-- STORED DATA follows --
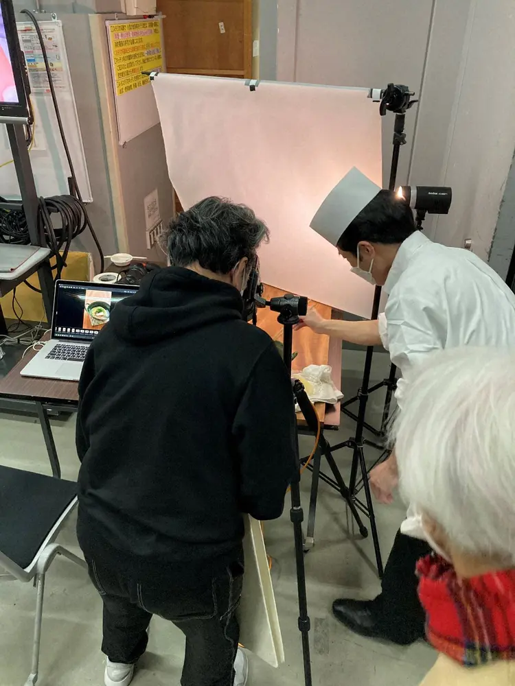 「どうしてこんな場所で撮影してるんですか?」。カメラマンさんに取材してみました。レシピ本は料理写真が命ですよね。できたてアツアツの湯気が立っているものを撮影しないと、美味しそうに見えないのだそう。また、少しでも乾燥するとツヤが無くなるし、特にカレーやシチューのようなものは、すぐに膜が張ってしまうんですって。だから、裏のキッチンのすぐ横で撮影していたんですね! ちなみにこの、裏で作った2食分のお料理は、最後にスタッフが全部美味しく頂いています。10本分収録しているので、ちょっとした立食パーティーのようです(笑)。
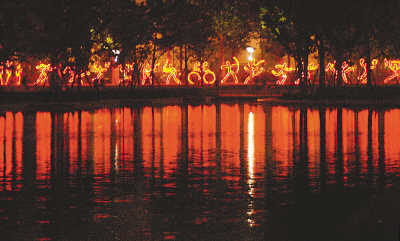 7月23日晚,通州運河文化廣場上的“奧運項目”主題彩燈與水中的倒影交相輝映。
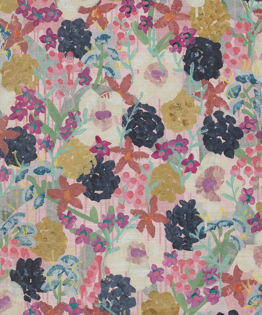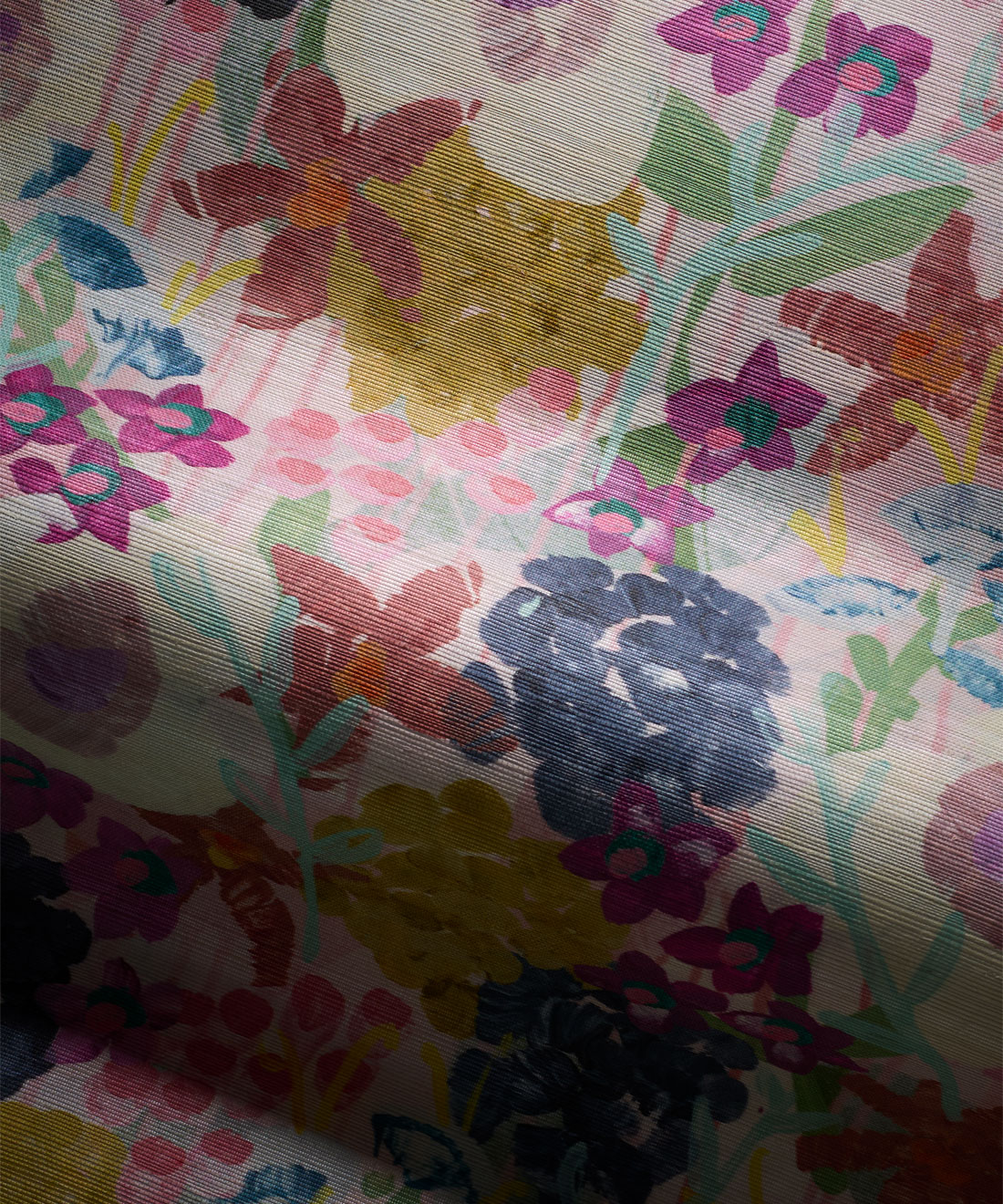 Garden State is a full-floral mural bursting with painterly movement and layered brushwork. Featuring rich maroons, golden mustards, and delicate pinks, the design balances playful energy with bold elegance. The expressive florals bloom across the grasscloth texture, turning walls into an artistic feature. Ideal for bedrooms, bathrooms, or creative living areas, it’s a vibrant celebration of floral form.
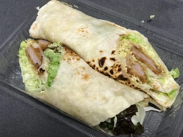 ヒレかつの入ったトルティーヤ気になったので、お持ち帰りで注文してみました!!ヒレかつは注文してから揚げてくれます。熱々のヒレかつが入ったトルティーヤを召し上がることができます。
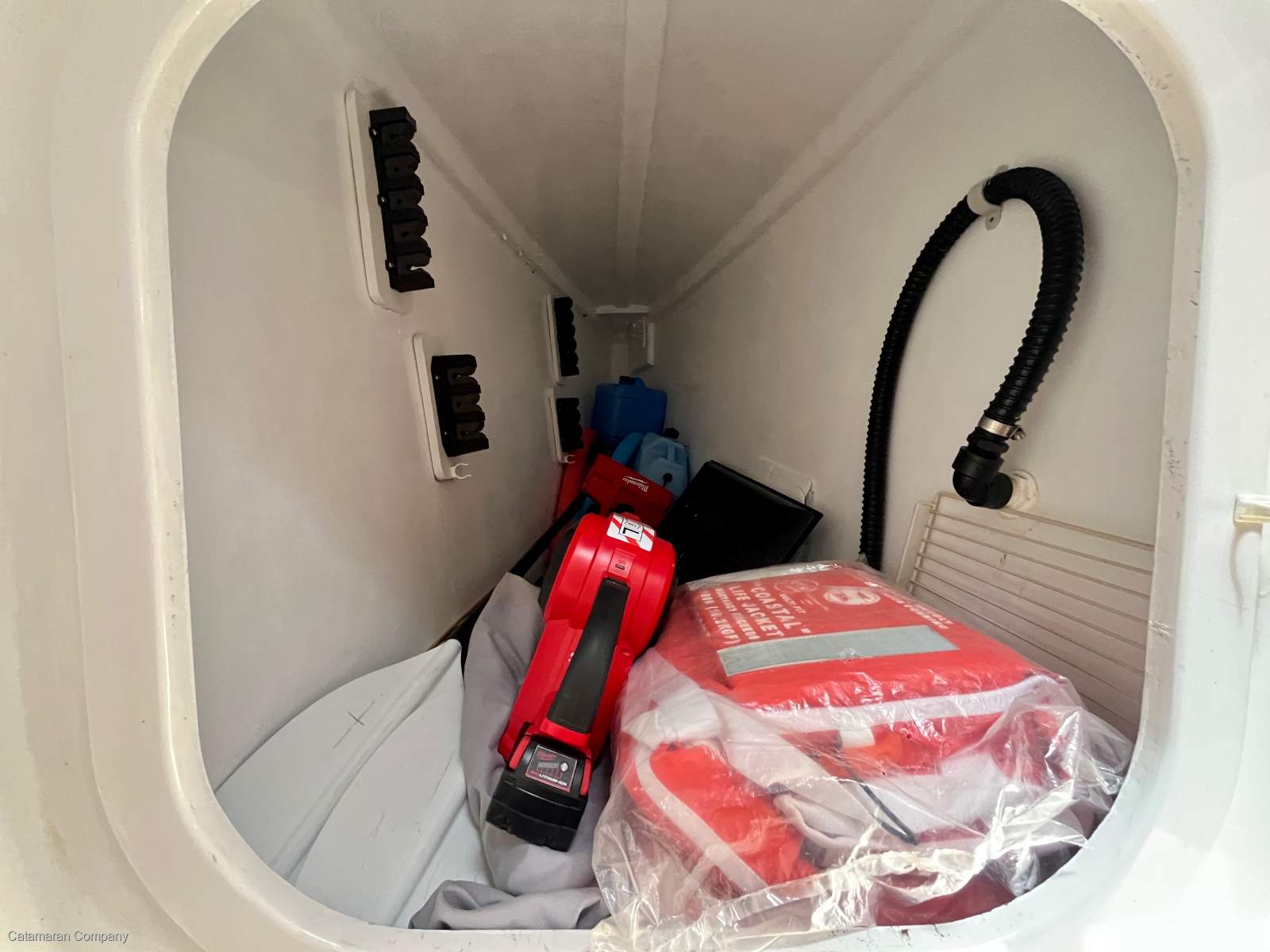 Midships in the starboard hull it is equipped with a Double stainless sink, Anko microwave, Water filter Stefani Twin Undersink, plenty of bench of space for food preparation and lots of storage cupboards.
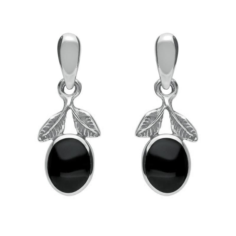 A small oval of hand carved original Whitby Jet is the centre piece of these drop earrings. Solidly backed and set in sterling silver, a small leaf decoration is either side of the top of the Jet piece, giving a natural, gentle appearance. Fastened with a secure post and butterfly fitting.
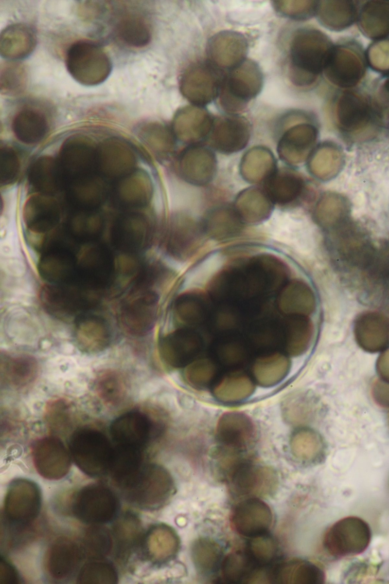 8-sporig , Intakte Sporen nur in einem Ascus gefunden Masse: 21,4 - 23,3 x 5,7 - 6,1
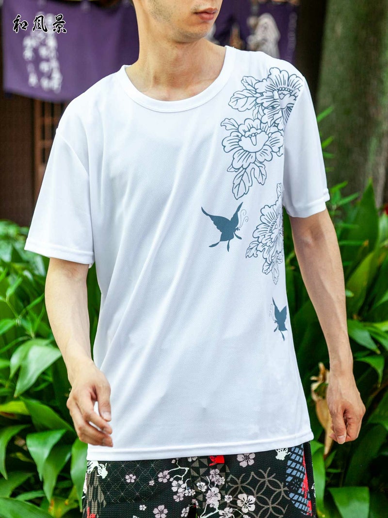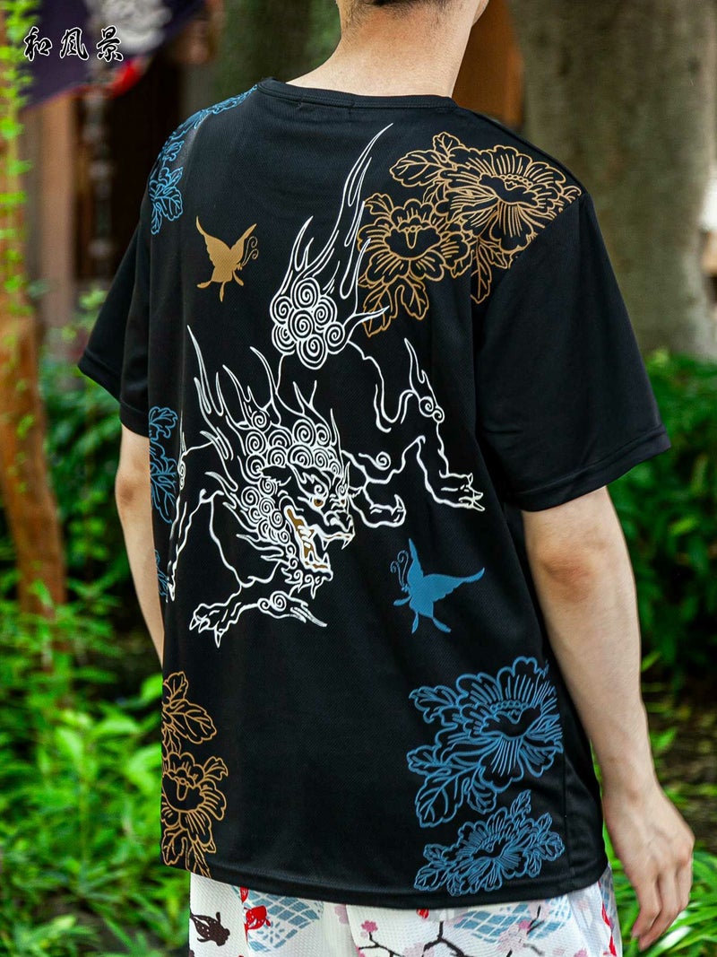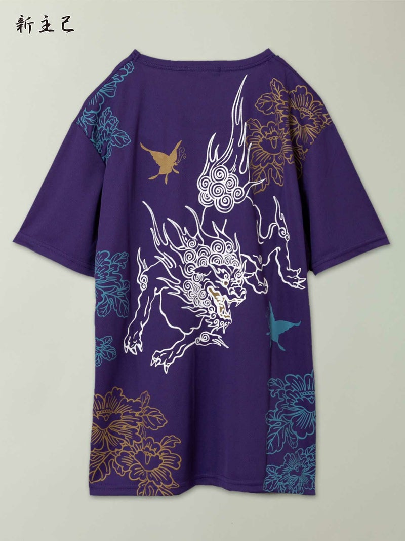 - 【新主己】“獅子と蝶”プリントDRY素材Tシャツ≪返品・取寄対応不可≫
-- STORED DATA concluded --
=== WORK INSTRUCTIONS ===
Print, exactly as written, the lines from the one containing "Midships in the" to the end of the material, both ends included, and nothing else; no pictures.

=== EXERCISE RESPONSE ===
 Midships in the starboard hull it is equipped with a Double stainless sink, Anko microwave, Water filter Stefani Twin Undersink, plenty of bench of space for food preparation and lots of storage cupboards.
 A small oval of hand carved original Whitby Jet is the centre piece of these drop earrings. Solidly backed and set in sterling silver, a small leaf decoration is either side of the top of the Jet piece, giving a natural, gentle appearance. Fastened with a secure post and butterfly fitting.
 8-sporig , Intakte Sporen nur in einem Ascus gefunden Masse: 21,4 - 23,3 x 5,7 - 6,1
 - 【新主己】“獅子と蝶”プリントDRY素材Tシャツ≪返品・取寄対応不可≫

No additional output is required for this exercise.